Would you retype, word for word, only the lines from the one holding "Последовательность нот будет" through the final line of the entries below, without the pictures?

====== THE DATA ======

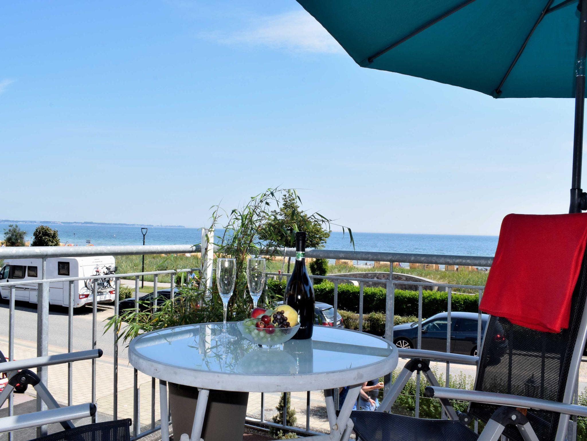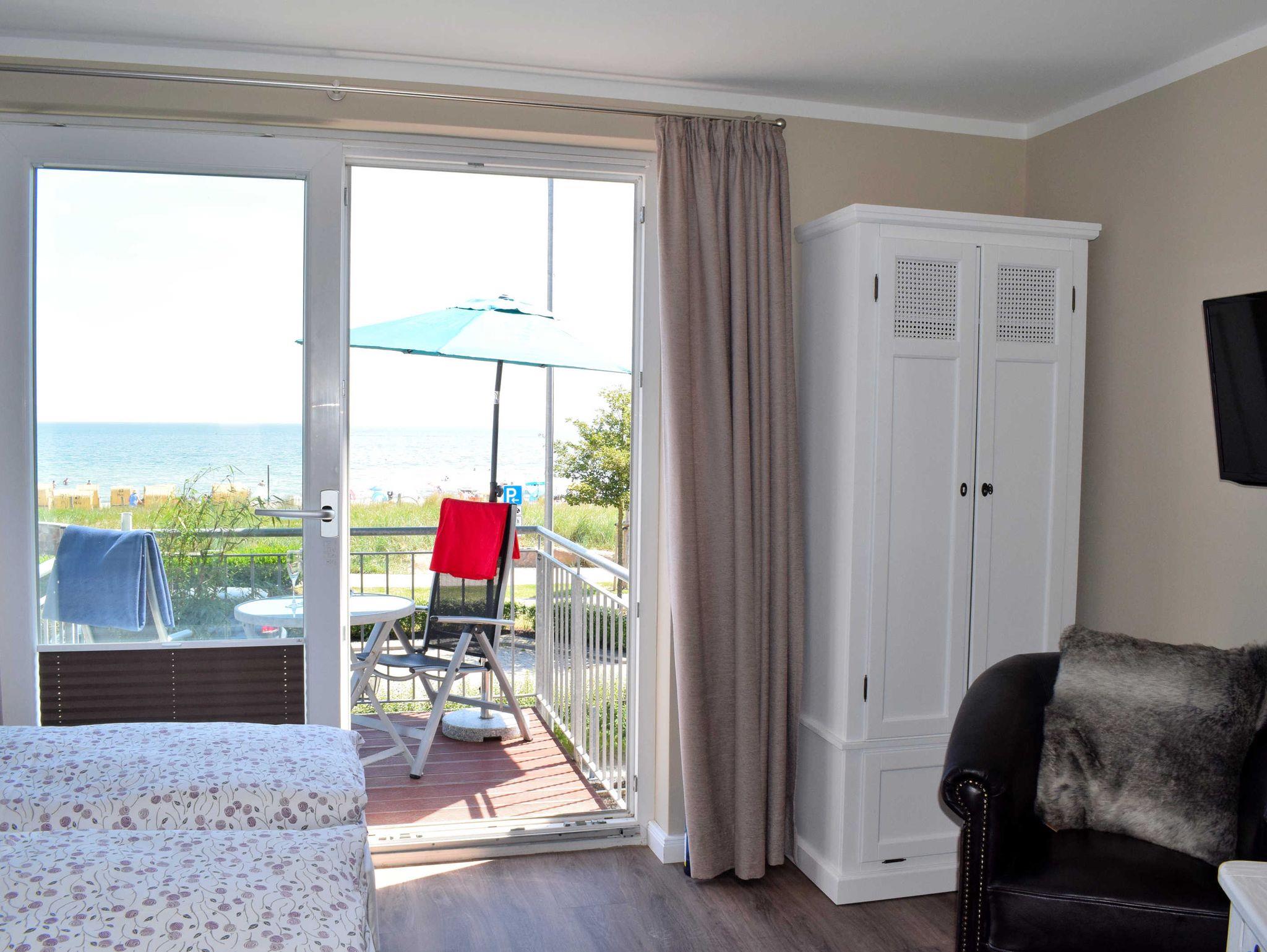 Hier treffen unsere Gäste auf ein Ein-Raum-Appartement mit direktem Meerblick in der 1. Etage. Ein Wohnschlafzimmer mit Balkon, eine Küche mit Essbereich und ein neues Duschbad/WC erwarten die Gäste in dieser gemütlichen Wohnung.
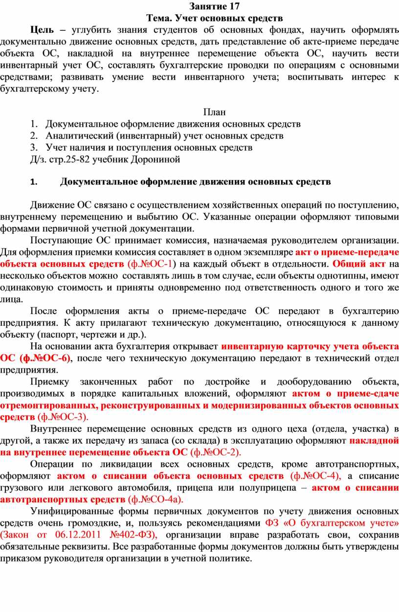 Цель – углубить знания студентов об основных фондах, научить оформлять документально движение основных средств, дать представление об акте-приеме передаче объекта ОС, накладной на внутреннее перемещение объекта ОС, научить вести инвентарный учет ОС, составлять бухгалтерские проводки по операциям с основными средствами; развивать умение вести инвентарного учета; воспитывать интерес к бухгалтерскому учету.
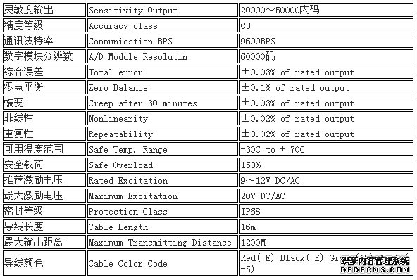 美國柯力ZSF-D-10t稱重傳感器主要參數:CAf廣州南創電子科技有限公司
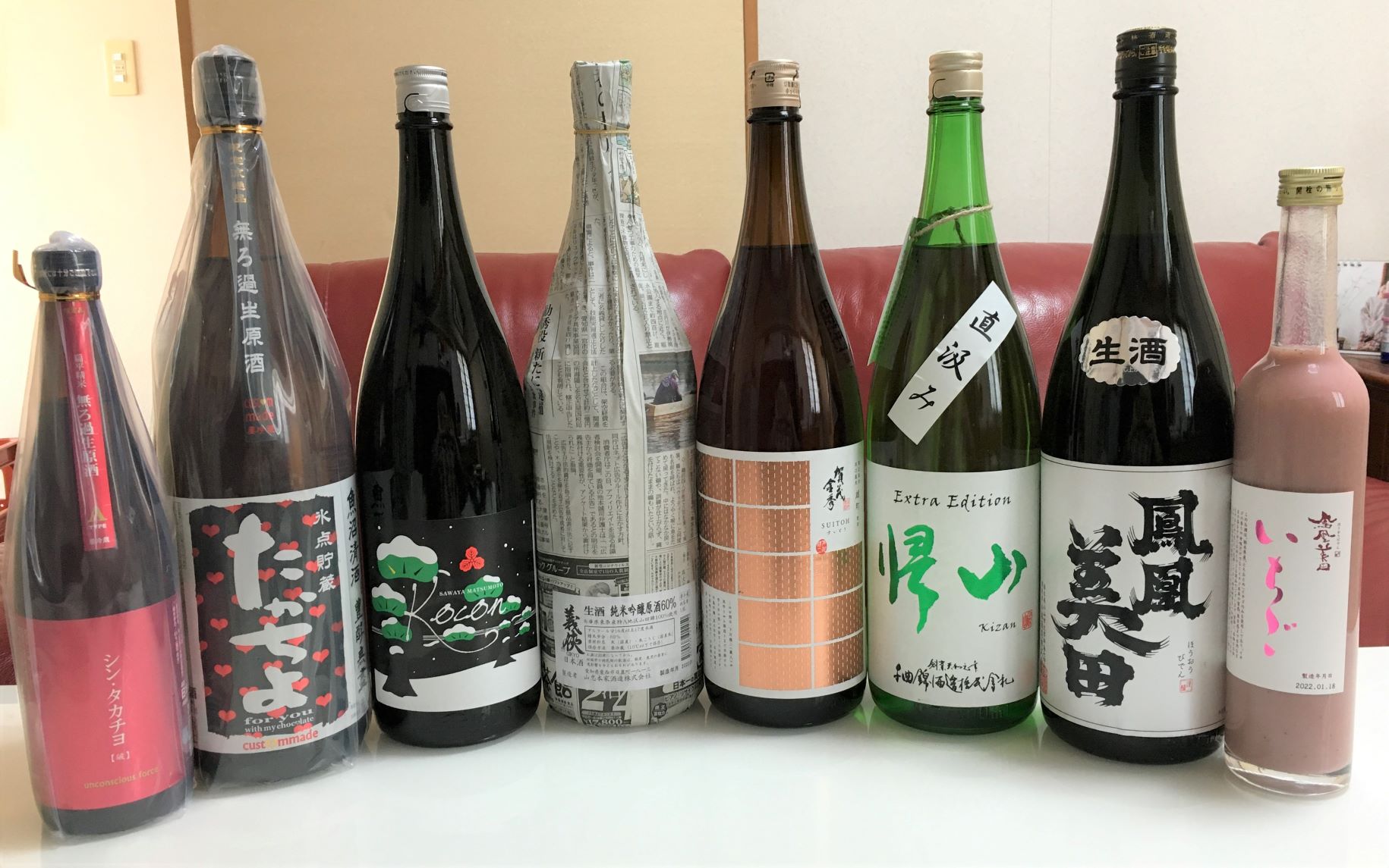 ※左から シン・タカチヨ・たかちよ・澤屋まつもと・義侠・賀茂金秀・帰山・鳳凰美田・鳳凰美田(いちご)
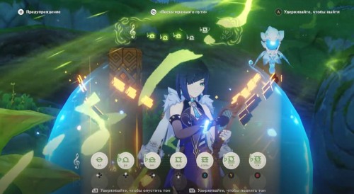 Последовательность нот будет такая же, как в прошлый раз: Ми, Ре, Ми, Ре и Ля. После игры на лире просто войдите в зеленый портал, чтобы оказаться в другой локации, где расположена область Увядания.
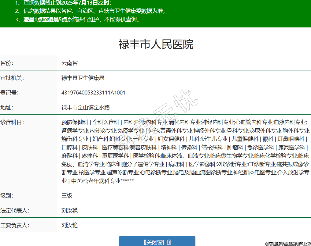 省份:云南省審批機(jī)關(guān):祿豐縣衛(wèi)生健康局登記號(hào):43197640053233111A1001地址:祿豐市金山鎮(zhèn)金水路診療科目:預(yù)防保健科 | 全科醫(yī)療科 | 內(nèi)科;呼吸內(nèi)科專業(yè);消化內(nèi)科專業(yè);神經(jīng)內(nèi)科專業(yè);心血管內(nèi)科專業(yè);血液內(nèi)科專業(yè);腎病學(xué)專業(yè);內(nèi)分泌專業(yè);免疫學(xué)專業(yè) | 外科;普通外科專業(yè);神經(jīng)外科專業(yè);骨科專業(yè);泌尿外科專業(yè);胸外科專業(yè);燒傷科專業(yè) | 婦產(chǎn)科;婦科專業(yè);產(chǎn)科專業(yè) | 婦女保健科 | 兒科;新生兒專業(yè) | 兒童保健科 | 眼科 | 耳鼻咽喉科 | 口腔科 | 皮膚科 | 醫(yī)療美容科;美容皮膚科 | 精神科 | 傳染科 | 結(jié)核病科 | 腫瘤科 | 急診醫(yī)學(xué)科 | 康復(fù)醫(yī)學(xué)科 | 麻醉科 | 疼痛科 | 重癥醫(yī)學(xué)科 | 醫(yī)學(xué)檢驗(yàn)科;臨床體液、血液專業(yè);臨床微生物學(xué)專業(yè);臨床化學(xué)檢驗(yàn)專業(yè);臨床免疫、血清學(xué)專業(yè);臨床細(xì)胞分子遺傳學(xué)專業(yè) | 病理科 | 醫(yī)學(xué)影像科;X線診斷專業(yè);CT診斷專業(yè);磁共振成像診斷專業(yè);核醫(yī)學(xué)專業(yè);超聲診斷專業(yè);心電診斷專業(yè);腦電及腦血流圖診斷專業(yè);神經(jīng)肌肉電圖專業(yè);介入放射學(xué)專業(yè) | 中醫(yī)科;老年病科專業(yè)******級(jí)別:三級(jí)法定代表人:劉汝艷主要負(fù)責(zé)人:劉汝艷執(zhí)業(yè)許可證有效期:2023/09/15 -至- 2037/12/30 -
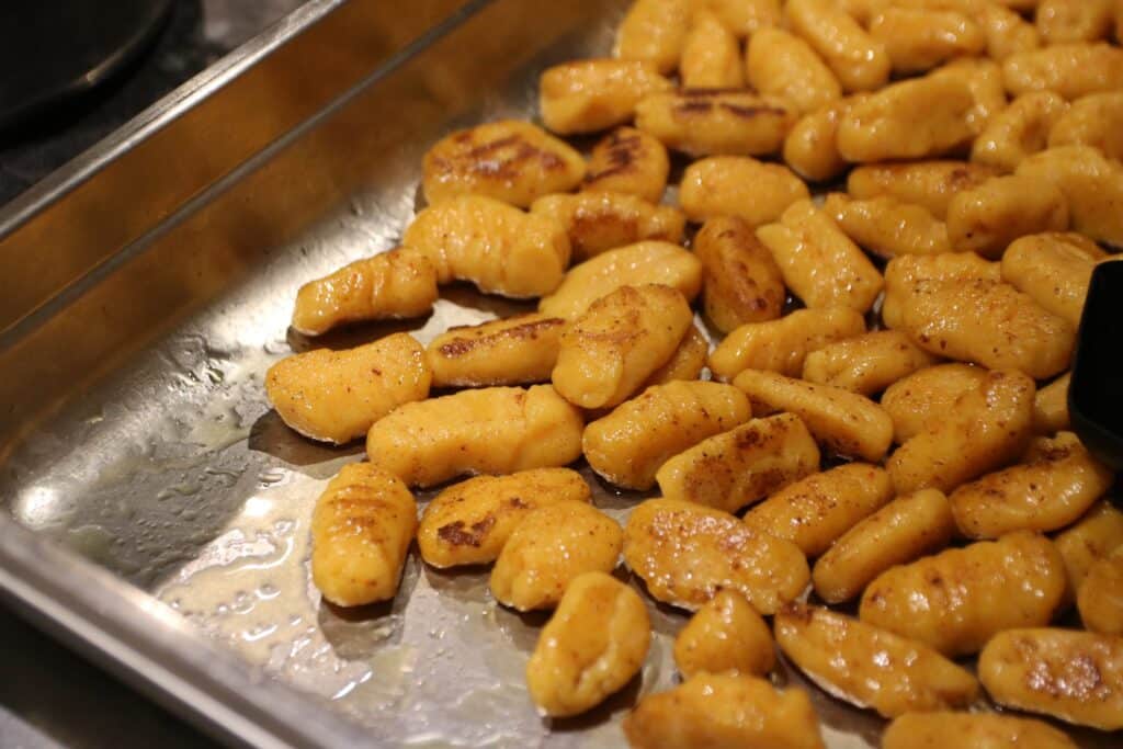 Loup en écailles de pomme de terre – Gnocchis de Butternut et jus de romarin

======

> ANSWER AREA
 Последовательность нот будет такая же, как в прошлый раз: Ми, Ре, Ми, Ре и Ля. После игры на лире просто войдите в зеленый портал, чтобы оказаться в другой локации, где расположена область Увядания.
 省份:云南省審批機(jī)關(guān):祿豐縣衛(wèi)生健康局登記號(hào):43197640053233111A1001地址:祿豐市金山鎮(zhèn)金水路診療科目:預(yù)防保健科 | 全科醫(yī)療科 | 內(nèi)科;呼吸內(nèi)科專業(yè);消化內(nèi)科專業(yè);神經(jīng)內(nèi)科專業(yè);心血管內(nèi)科專業(yè);血液內(nèi)科專業(yè);腎病學(xué)專業(yè);內(nèi)分泌專業(yè);免疫學(xué)專業(yè) | 外科;普通外科專業(yè);神經(jīng)外科專業(yè);骨科專業(yè);泌尿外科專業(yè);胸外科專業(yè);燒傷科專業(yè) | 婦產(chǎn)科;婦科專業(yè);產(chǎn)科專業(yè) | 婦女保健科 | 兒科;新生兒專業(yè) | 兒童保健科 | 眼科 | 耳鼻咽喉科 | 口腔科 | 皮膚科 | 醫(yī)療美容科;美容皮膚科 | 精神科 | 傳染科 | 結(jié)核病科 | 腫瘤科 | 急診醫(yī)學(xué)科 | 康復(fù)醫(yī)學(xué)科 | 麻醉科 | 疼痛科 | 重癥醫(yī)學(xué)科 | 醫(yī)學(xué)檢驗(yàn)科;臨床體液、血液專業(yè);臨床微生物學(xué)專業(yè);臨床化學(xué)檢驗(yàn)專業(yè);臨床免疫、血清學(xué)專業(yè);臨床細(xì)胞分子遺傳學(xué)專業(yè) | 病理科 | 醫(yī)學(xué)影像科;X線診斷專業(yè);CT診斷專業(yè);磁共振成像診斷專業(yè);核醫(yī)學(xué)專業(yè);超聲診斷專業(yè);心電診斷專業(yè);腦電及腦血流圖診斷專業(yè);神經(jīng)肌肉電圖專業(yè);介入放射學(xué)專業(yè) | 中醫(yī)科;老年病科專業(yè)******級(jí)別:三級(jí)法定代表人:劉汝艷主要負(fù)責(zé)人:劉汝艷執(zhí)業(yè)許可證有效期:2023/09/15 -至- 2037/12/30 -
 Loup en écailles de pomme de terre – Gnocchis de Butternut et jus de romarin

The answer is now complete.